+++ SUPPLIED DATA

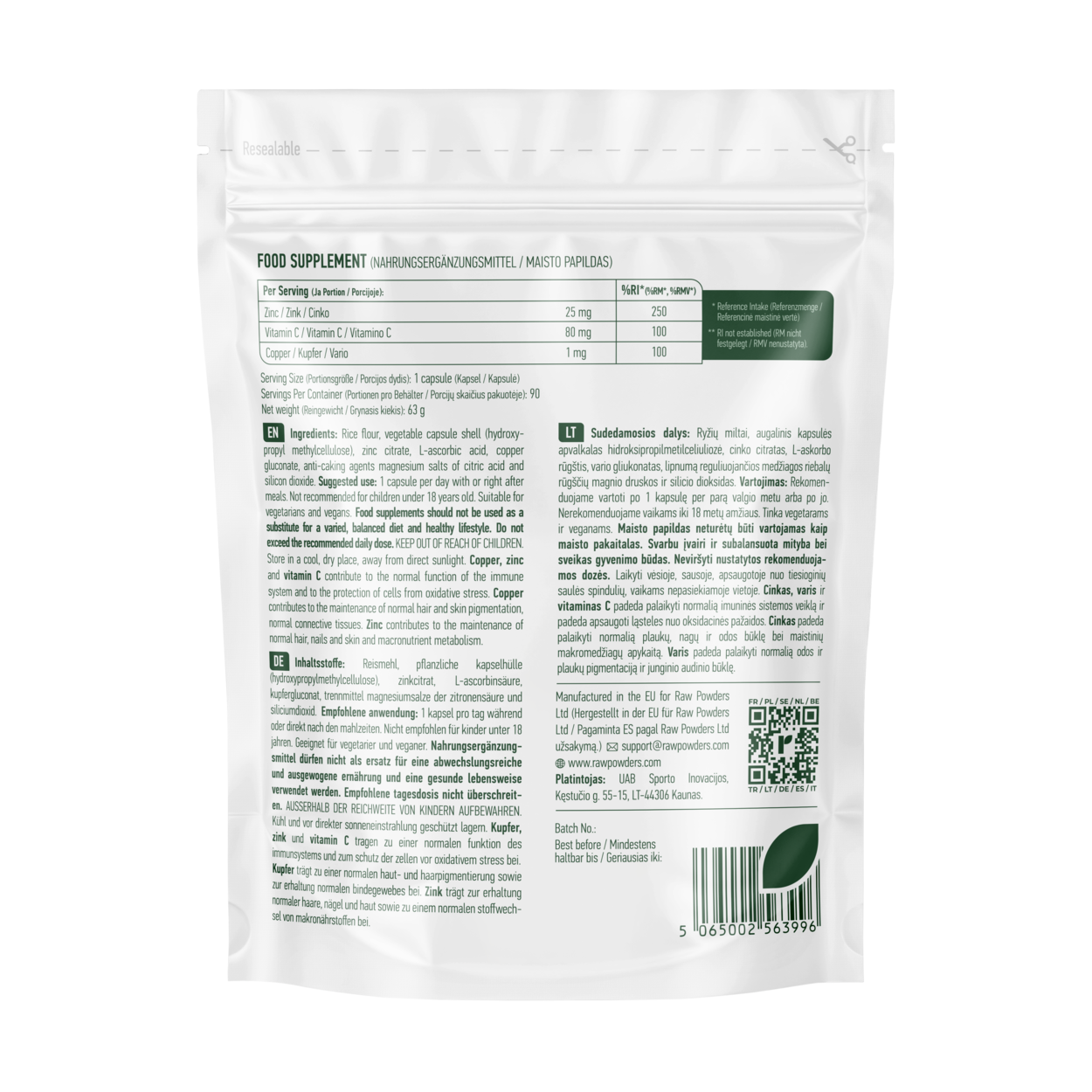 | Raw Powders Cinkas + Vitaminas C + Varis – maisto papildas | ||
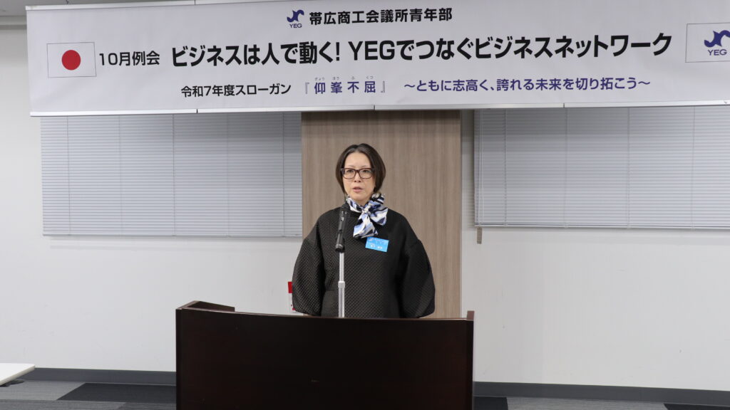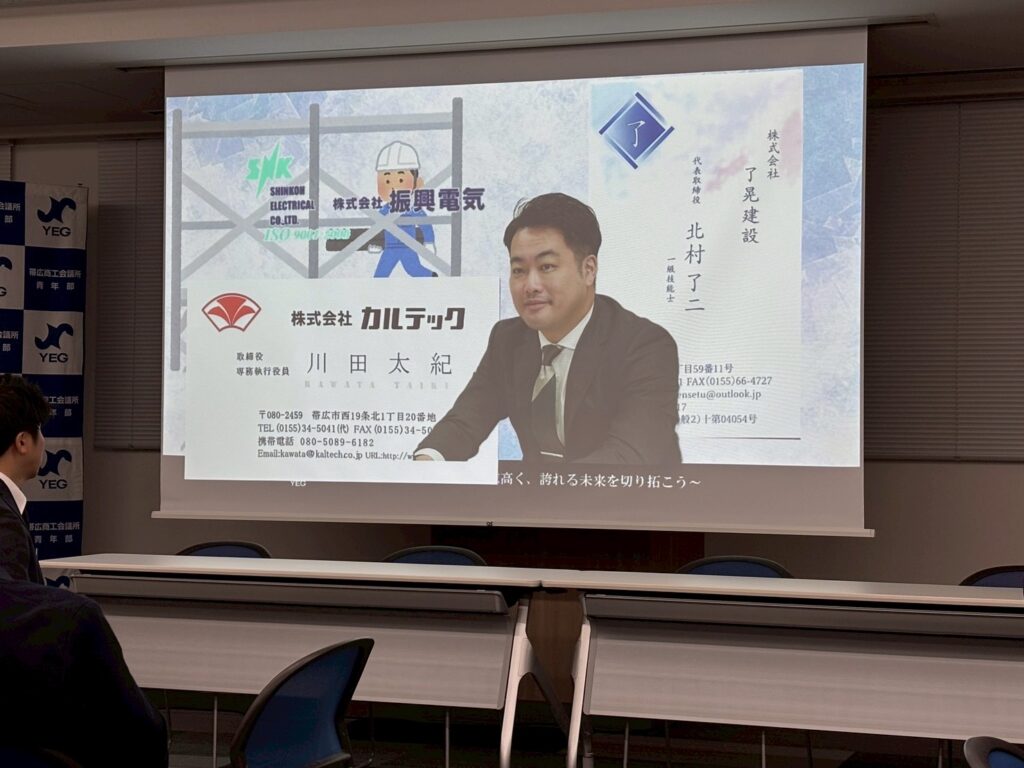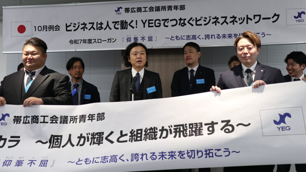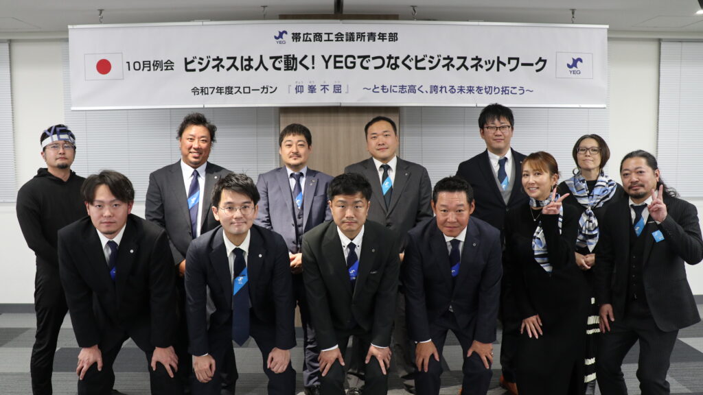 帯広商工会議所青年部は、令和7年10月22日(水)に、「令和7年度10月臨時総会」続いてビジネス交流委員会担当の「10月例会【ビジネスは人で動く!YEGでつなぐビジネスネットワーク】」を帯広経済センタービルにて開催いたしました。
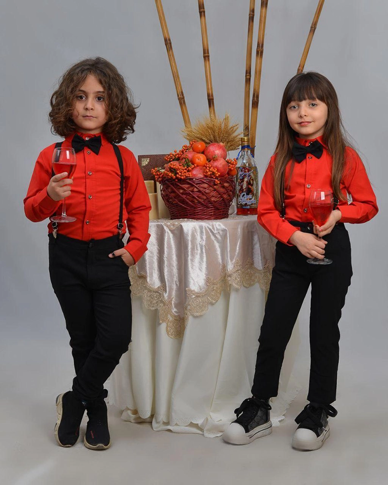 ۴ تیکه : بلوز – شلوار – پاپیون – ساسبند
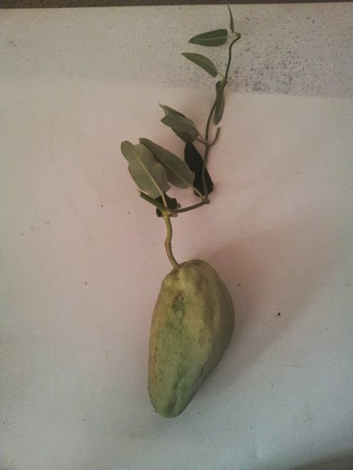 Est ce que quelqu'un connait ce drôle de fruit? A été cueilli sur une plante grimpante dans la région de Perpignan.
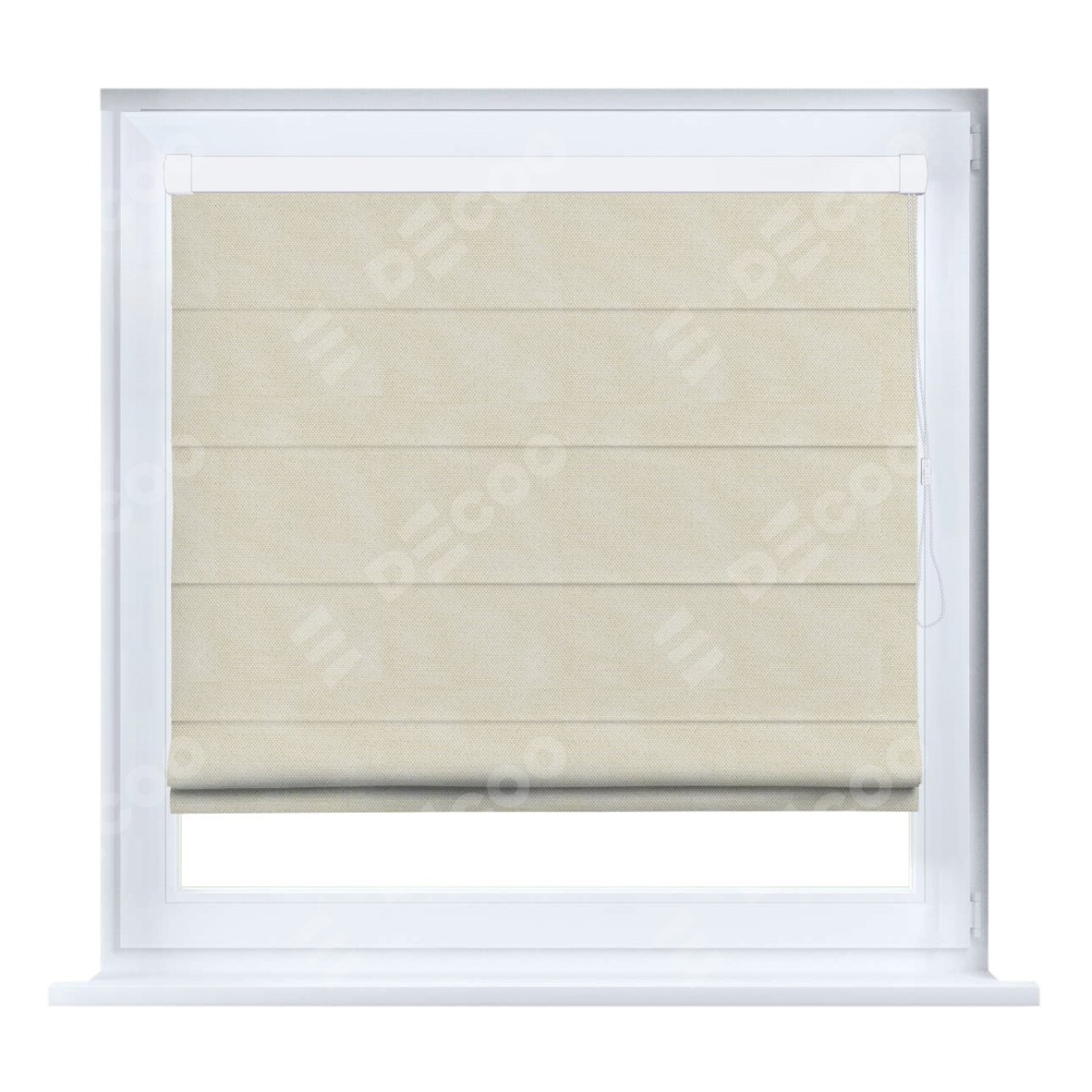 Римская штора производителя «Cortin», устанавливается на створку окна, пошита из ткани лён димаут бежевый, артикул 83023. Штора шьётся по индивидуальным размерам, для данного типа римской шторы возможная ширина от 35 до 150 см., высота до 250 см.
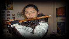 Tsou playing one of her many Chinese flutes.
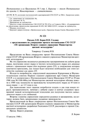 Письмо Л.П. Берия И.В. Сталину с представлением на утверждение проекта постановления СМ СССР «Об организации Второго главного управления Министерства цветной металлургии». 13 августа 1946 г.

++++++

WORK TO BE COMPLETED ->
Skip all pictures. Write out only the lines from the one containing "Римская штора производителя" to the end of the listing above, inclusive, exactly as given.

RESPONSE AREA ->
 Римская штора производителя «Cortin», устанавливается на створку окна, пошита из ткани лён димаут бежевый, артикул 83023. Штора шьётся по индивидуальным размерам, для данного типа римской шторы возможная ширина от 35 до 150 см., высота до 250 см.
 Tsou playing one of her many Chinese flutes.
 Письмо Л.П. Берия И.В. Сталину с представлением на утверждение проекта постановления СМ СССР «Об организации Второго главного управления Министерства цветной металлургии». 13 августа 1946 г.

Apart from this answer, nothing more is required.